NRL News

Glasgow health board again tries to force midwives to supervise abortions

by | Aug 28, 2013

By Dr. Peter Saunders

Editor’s note. While my family and I are on vacation, we are running some of our favorite NRL News Today stories from the last four months, entries from our “Roe at 40″ series, and an occasional update.  Dr. Saunders is a former general surgeon and is CEO of Christian Medical Fellowship, a UK-based organization with 4,500 UK doctors and 1,000 medical students as members.

Mary Doogan and Concepta Wood

Mary Doogan and Concepta Wood

Two Glasgow midwives, who won a landmark legal battle to avoid taking any part in abortion procedures, may now have to return to court.

Last April appeal judges ruled that the right of Mary Doogan and Concepta Wood to conscientious objection meant they could refuse to delegate, supervise or support staff involved in abortions.

The verdict marked the first time in Britain that the right to conscientious objection was deemed to extend beyond direct participation.

But a spokesperson for National Health Service Greater Glasgow and Clyde (GGC) has now said that it is the health board’s intention to appeal the decision of the Inner House of the Court of Session to The Supreme Court.

The Abortion Act 1967 gives healthcare professionals the right to conscientiously object to ‘participate’ in abortion but the scope of the word ‘participate’ has been the matter of some legal dispute.

Lady Dorrian, who presided at the previous appeal with Lord Mackay of Drumadoon and Lord McEwan, said: ‘In our view the right of conscientious objection extends not only to the actual medical or surgical termination but to the whole process of treatment given for that purpose.’

The previous judgment was hugely significant and meant that official guidance from both the RCM) and the General Medical Council (GMC) would almost certainly need revision.

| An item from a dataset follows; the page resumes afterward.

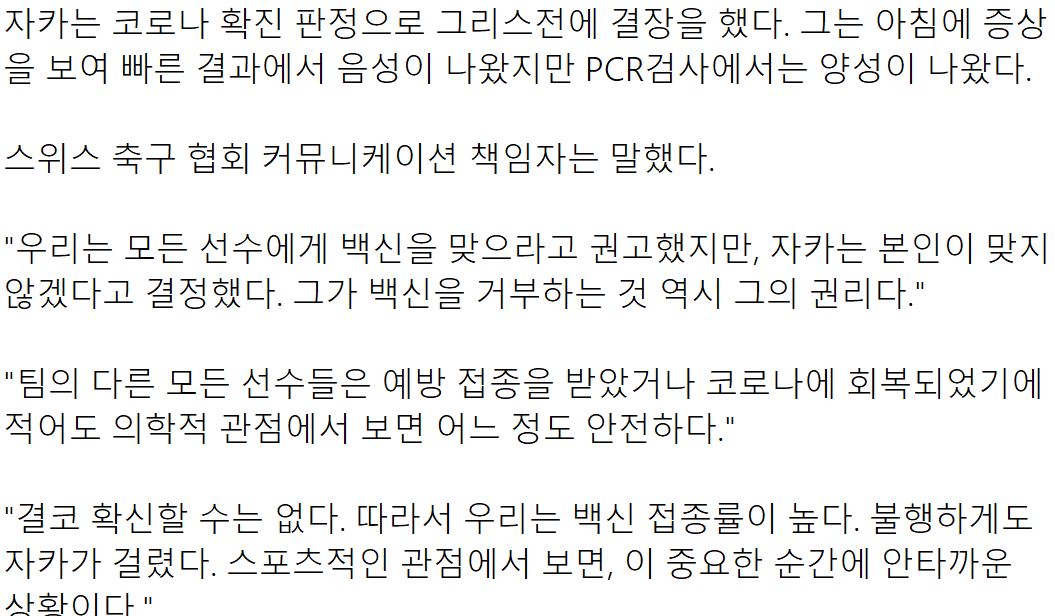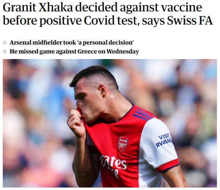 (기사 전문: https://www.theguardian.com/football/2021/sep/02/granit-xhaka-decided-against-vaccine-before-positive-covid-test-says-swiss-fa )

The Royal College of Midwives guidance currently reads as follows:

‘The RCM believes that the interpretation of the conscientious objection clause should only include direct involvement in the procedure of terminating pregnancy. Thus all midwives should be prepared to care for women before, during and after a termination in a maternity unit under obstetric care.’

The General Medical Council guidance similarly reads:

‘In England, Wales and Scotland the right to refuse to participate in terminations of pregnancy (other than where the termination is necessary to save the life of, or prevent grave injury to, the pregnant woman), is protected by law under section 4(1) of the Act. This right is limited to refusal to participate in the procedure(s) itself and not to pre- or post-treatment care, advice or management, see the Janaway case: Janaway v Salford Area Health Authority [1989] 1AC 537’

The outcome of the case is important because the Supreme Court is the highest court in Britain and its rulings will therefore be binding on all lower courts and will have repercussions not just for nurses but also for doctors and all other healthcare staff.

As I have previously argued as Christians we should not be intimidated by state or other authorities who attempt to force us to do what we believe is morally wrong.


Abortion not only takes an innocent human life, it is also contrary to all historic codes of medical ethics including the Hippocratic Oath and Declaration of Geneva.

These courageous midwives, who have been victimised by their health authority, deserve our prayers and support.